My horrible summer compulsion began with the “weight-activated squirrel-proof” bird feeder, advertised on social media in videos of spinning squirrels thwarted of their countless pursuit of bird food. Imagine a small child, unhurt, flung off a spinning tilt-a-whirl.
The sales pitch shows an outdoorsy homeowner in L.L. Bean flannel installing a tall, sturdy cylindrical feeder with a round, wire platform on which the birds perch. Ah, but when a squirrel grabs the identical wire, it spins wildly — weight activated! — and the squirrel flings off into the bushes or onto the bottom.

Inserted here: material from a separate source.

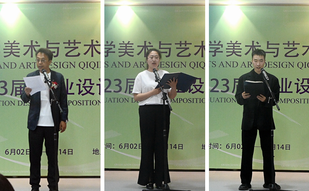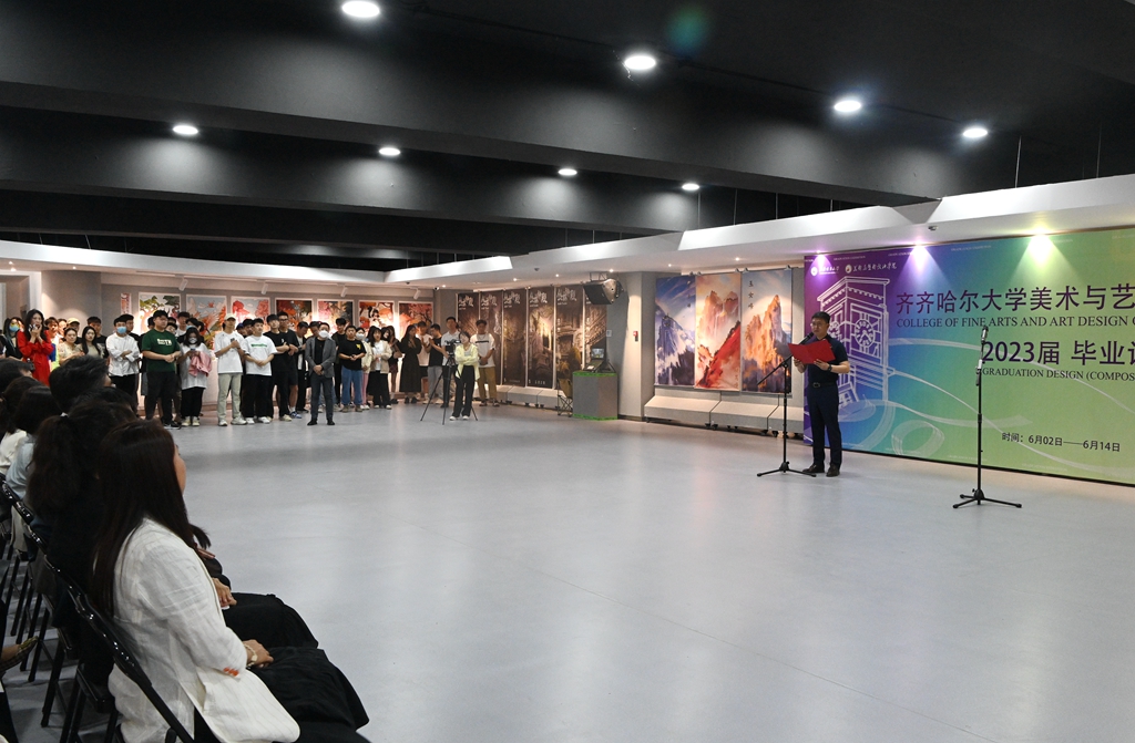 6月2日上午,我校美術與藝術設計學院2023屆畢業設計(創作)系列作品展在齊齊哈爾大學美術館開幕,校黨委副書記齊宏偉、副校長李奇楠,齊齊哈爾市委宣傳部副部長丁云,齊齊哈爾市文聯黨組書記、主席朱虹宇,齊齊哈爾市鐵鋒區、梅里斯區、昂昂溪區和齊齊哈爾高等師范專科學校相關部門負責人應邀出席開幕式,齊齊哈爾市著名設計公司、實習實訓基地代表和我校相關部門負責人,美術與藝術設計學院各系部中心主任及指導教師代表、學生代表參加了開幕式。

This looked like colossal fun. I ordered immediately. Two feeders hang outside the window of what passes for my office. I even have immensely enjoyed watching the feeding birds only to have the birds frightened away by marauding squirrels who grab onto the feeder inelegantly and devour its contents.
Now, because of some genius, I had the answer on order. With excitement normally reserved for British automotive parts, I tore open the box upon its arrival.
“It’s here! It’s here!”
“What’s?”
“My weight-activated squirrel-proof spinning bird feeder!”
It wasn’t tall. It was stubby. And the cylinder wasn’t sturdy. It was flimsy. Nevertheless it had a top and it had a spinning rimmed wire base. It looked vaguely just like the one on the video.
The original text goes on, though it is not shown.